Sunday, October 12, 2014

Window on Eurasia: If Kyiv Created a‘Ukrainian Crimea’ in Kherson, Might Moscow Respond by Declaring an Independent 'Eastern Ukraine'?


Paul Goble

 

            Staunton, October 12 – Mustafa Cemilev, the longtime leader of the Crimean Tatars, has proposed transferring part of the territory of Kherson Oblast to the Autonomous Republic of Crimea, a step that would mean that part of Crimea would be under Ukrainian control and thus lead to even more obvious comparisons between the meaning of Ukrainian and Russian rule.

 

            At a briefing in Kyiv, Cemilev noted that approximately 12,000 Crimean Tatars live in the Kherson oblast, most of whom being people who tried to return to their national homeland from exile in Soviet times but were blocked from entering the peninsula by officials (forum-msk.org/material/news/10535603.html).

 

            Cemilev said that both the Ukrainian president and the Ukrainian prime minister like the idea but it “contradicts” the Ukrainian constitution and so cannot go forward now.

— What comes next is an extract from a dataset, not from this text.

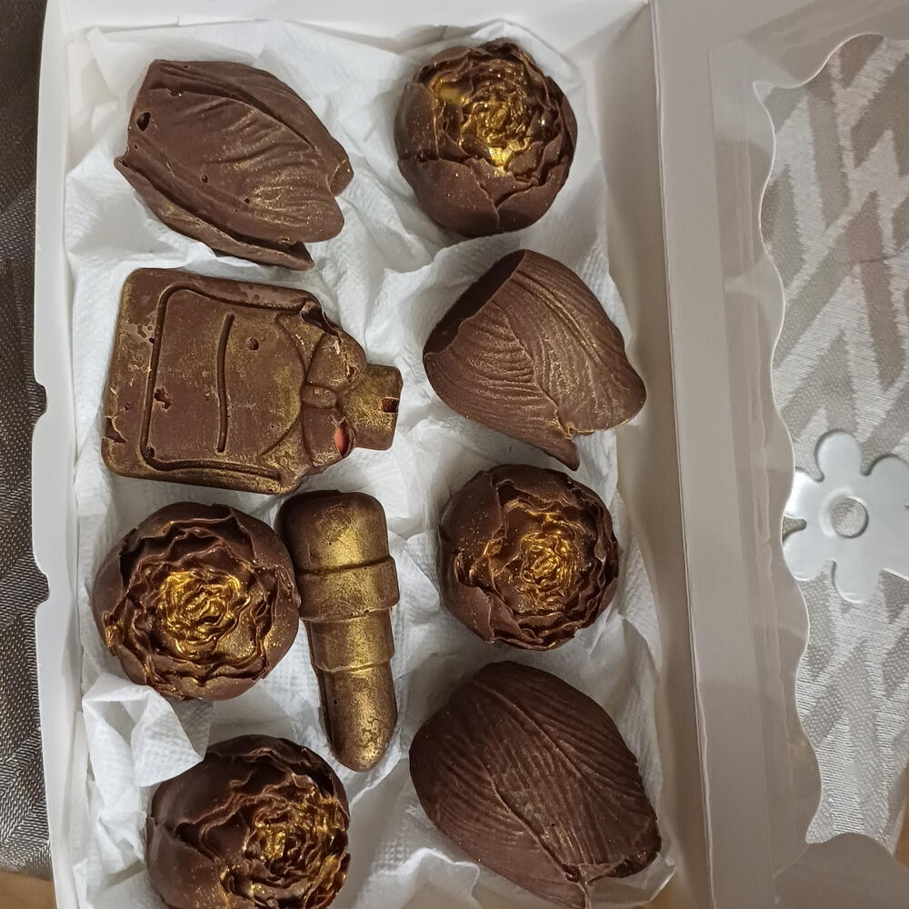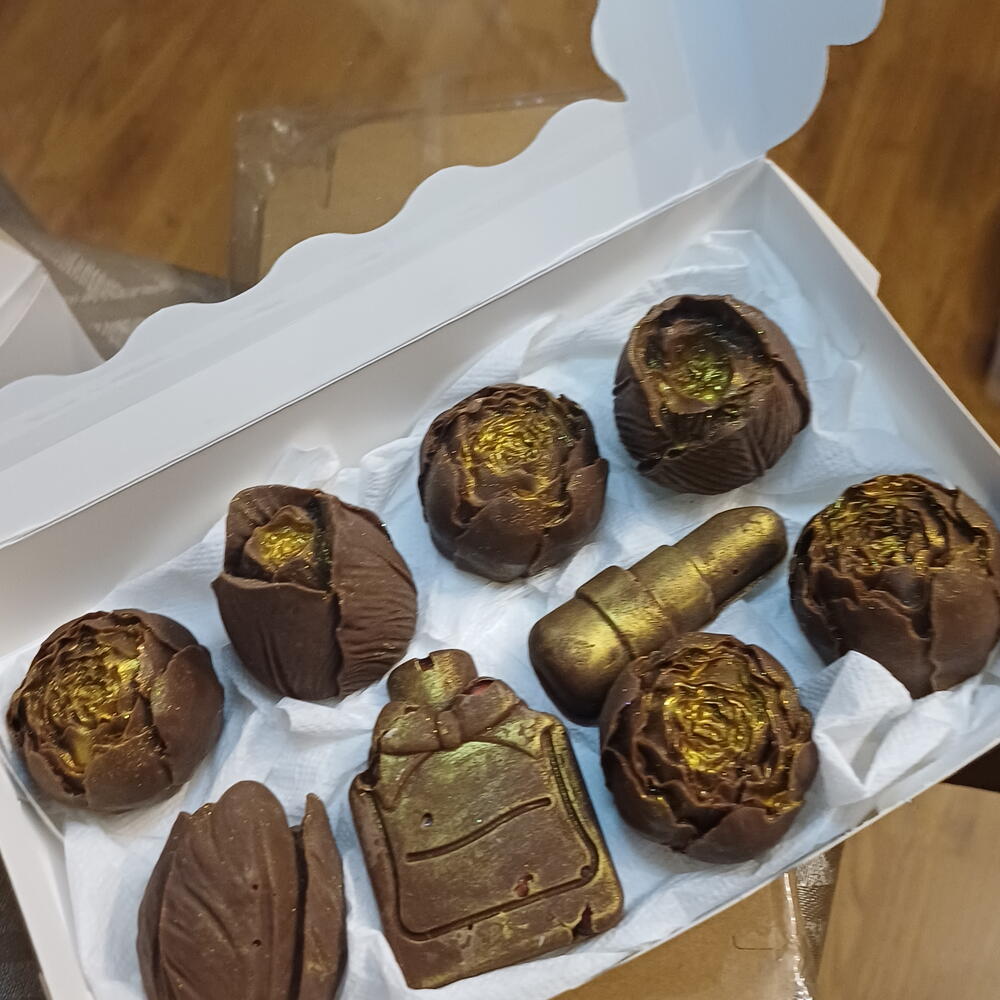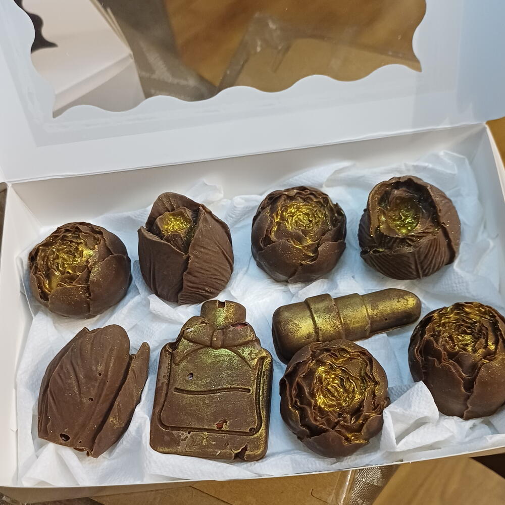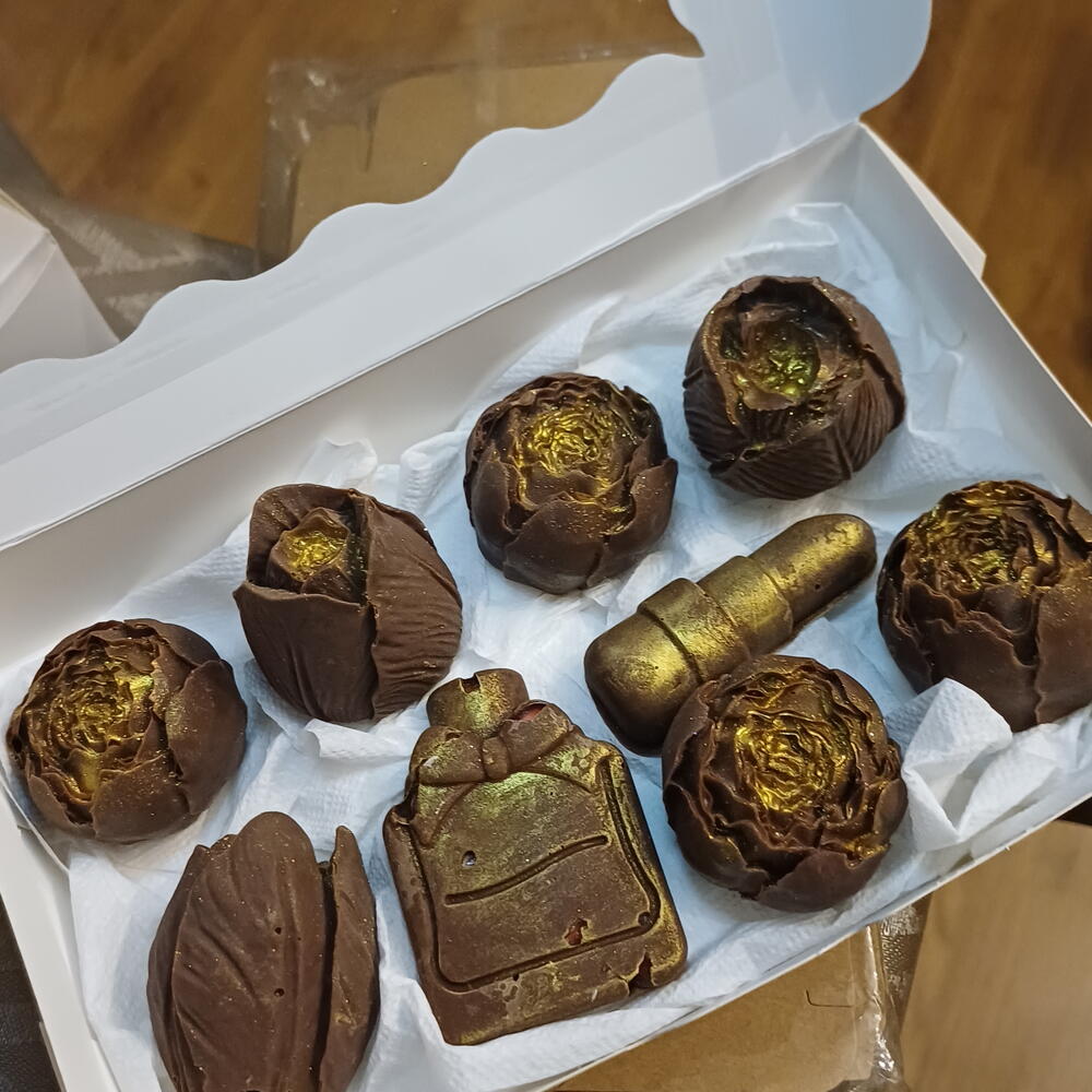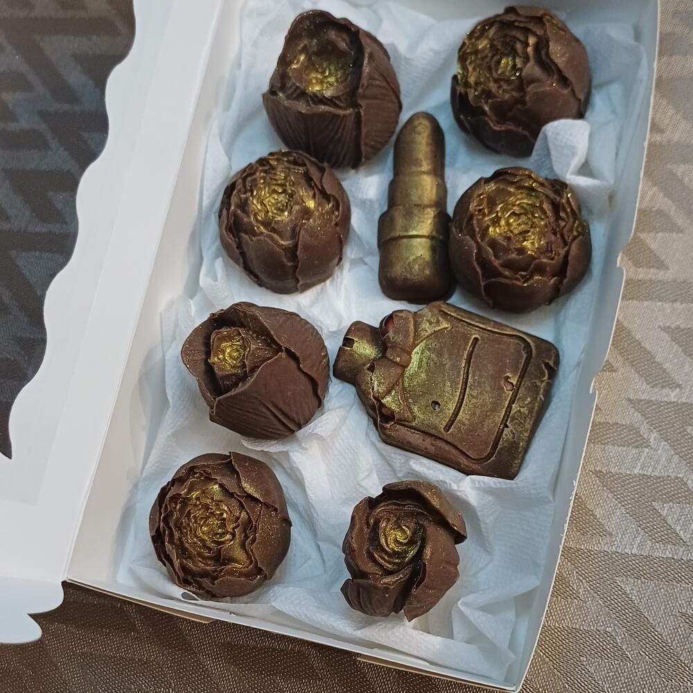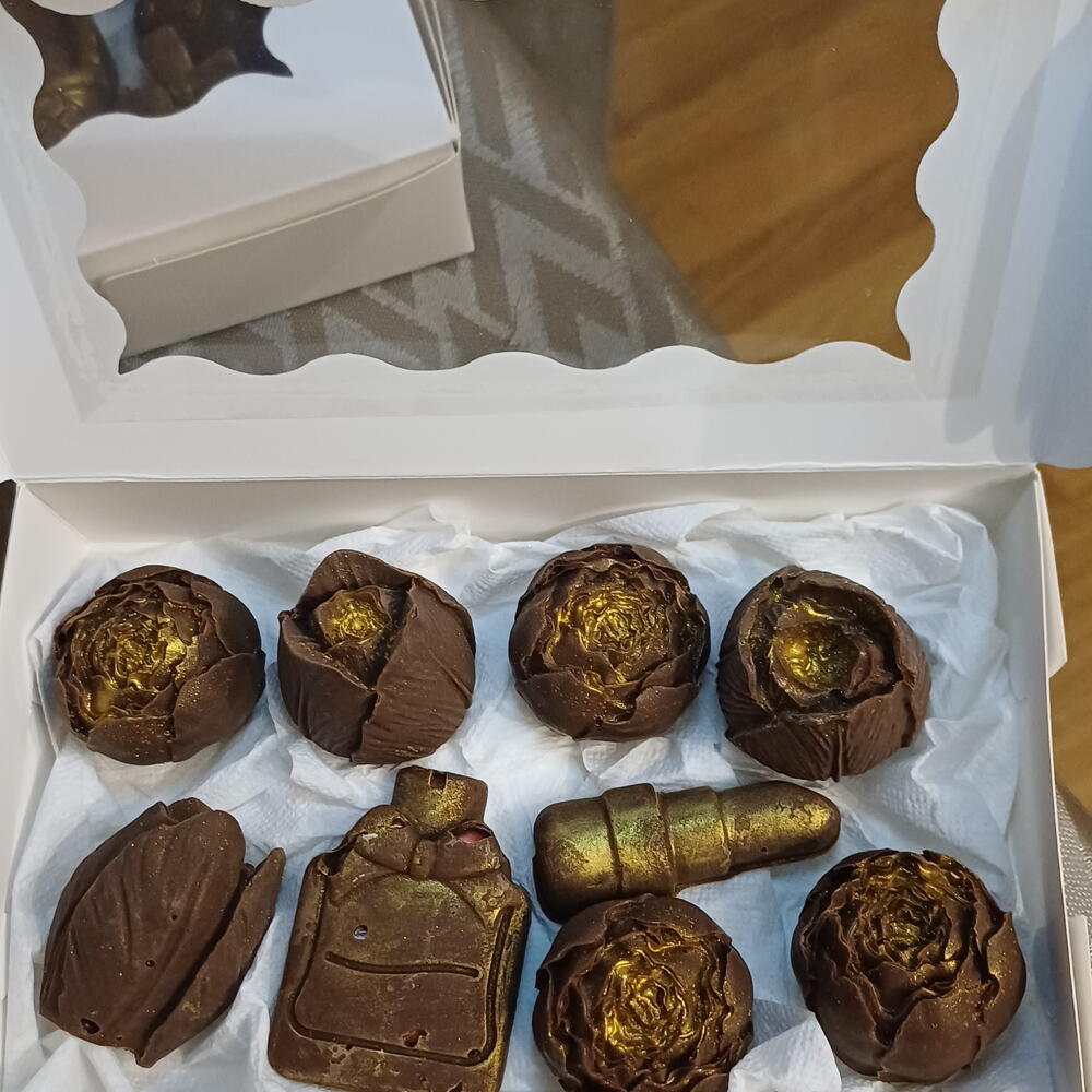Élégante sélection de chocolats artisanaux fabriqués à la main, avec des designs uniques qui transforment chaque pièce en une petite œuvre d'art. Comprend des formes originales de roses, parfum et rouge à lèvres, créant une combinaison parfaite entre douceur et style. 💛 Chocolat de haute qualité au goût doux et délicieux 🌹 Designs exclusifs: roses, parfum et rouge à lèvres ✨ Finition décorative avec effet doré 🎁 Présentation soignée, idéale pour un cadeau Parfait pour surprendre lors d'anniversaires, de célébrations ou simplement pour profiter d'un petit plaisir spécial.

But “perhaps,” he said, “we will return to this question after the elections,” because such a move would make it easier “to defend this part of Ukraine from the Russians.”

 

            The potential utility of such a step is highlighted by the angry reaction of one Russian commentator who argues that any move in that direction would show that Kyiv has no interest in resolving the current crisis and in fact is taking steps which “in the final analysis will end with another bloody tragedy.”

 

            Anatoly Baranov, editor of the FORUM-MSK.org portal, suggests, however, that Cemilev’s proposal could be useful if it leads Moscow to “correct” what he describes as two of the many major mistakes the Russian government has made in dealing with Crimea and Ukraine over the past months.

 

            On the one hand, he says, Moscow should stop talking about autonomy for the Crimean Tatars in the occupied peninsula and instead “immediately create two Crimean Tatar autonomous districts, in Bakchisaray and Stary Krym, thus dividing the Crimea Tatars and taking away from Kyiv any chance to play “’the Crimean Tatar card.’”

 

            And on the other, Baranov continues, Moscow should correct an error which already has a name: Novorossiya.  That territory “strictly speaking” includes Krasnodar kray, Stavropol, Rostov, and even the Transdniestria. Kharkiv in contrast was never part of “historical Novorossiya.”

 

            If Cemilev shows what can be done by playing with maps and creating “yet another ‘Crimea,’ then Russian should be equally clever. What it should be talking about is creating an independent Eastern Ukraine on the model of East Germany, something that would give Moscow a legitimate claim on Kharkiv, “the former capital of Soviet Ukraine.”

 

Correcting the first mistake is easy, Baranov says, but “unfortunately, correcting the second is already very difficult.” Russian forces would have to take Kharkiv, “and Yanukovich is no longer president of Ukraine” and thus in a position to help. But such a division of Ukraine and such a nomenclature would make much more sense.